Parce que ces pays ont opté pour des mesures de distanciation souples (qu'ils durcissent aujourd'hui)
En Corée du Sud, comme à Singapour ou encore à Taiwan, la stratégie pour enrayer l'épidémie résidait dans une politique forte de traçage des contacts des malades, d'isolement des cas dépistés et de contrôles accrus aux frontières. Très tôt, Singapour a pris la décision lourde d'interdire l'entrée des voyageurs de Chine, alors même que l'Organisation mondiale de la santé (OMS) déconseillait de telles mesures. Hong Kong a imposé une quarantaine stricte à ses expatriés de retour sur son sol, comme l'explique Courrier international (article payant). La Corée du Sud s'est, elle, très tôt lancée dans une campagne de dépistage massif (plus de 485 000 tests au 8 avril).
Ces stratégies permettaient de minimiser les impacts de l'épidémie sur la vie économique et sociale. Elles ont permis d'éviter le confinement en Asie du Nord-Est et à Singapour. A Hong Kong, par exemple, les écoles sont fermées depuis la fin du mois de janvier et les habitants sont incités à travailler depuis leur domicile. Mais ils sont libres de sortir de chez eux. A Taïwan, commerces, restaurants et écoles sont restés ouverts, constate Le Monde.

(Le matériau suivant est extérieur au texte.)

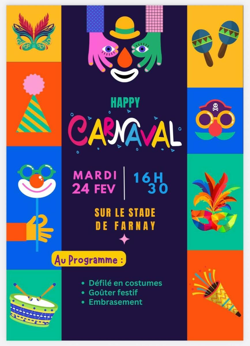 L’Association des Parents d’Élèves a le plaisir de vous convier au carnaval, qui aura lieu le mardi 24 février à 16h30, sur le stade de Farnay.

Mais la résurgence des cas a pour conséquence une mise en place de mesures plus strictes. A Singapour, tout rassemblement est désormais interdit, depuis le 7 avril. Un confinement strict a été instauré jusqu'au 4 mai. Tout contrevenant risque une amende de 10 000 dollars (9 200 euros) et six mois d'emprisonnement, précise L'Express. A Hong Kong, le gouvernement a ordonné la fermeture des bars, karaokés ou encore des cinémas. Il est interdit de se réunir en public à plus de quatre, depuis le 28 mars. Au Japon, pays jusque-là relativement épargné par l'épidémie, les hôpitaux de Tokyo ont presque été débordés, face à l'afflux de malades (9 231 cas, 190 morts). Les autorités ont décrété l'état d'urgence, le 7 avril, mais celui-ci n'a pas de réelle valeur coercitive, selon La Croix. Il permet de recommander aux Japonais d'éviter les sorties et de télétravailler.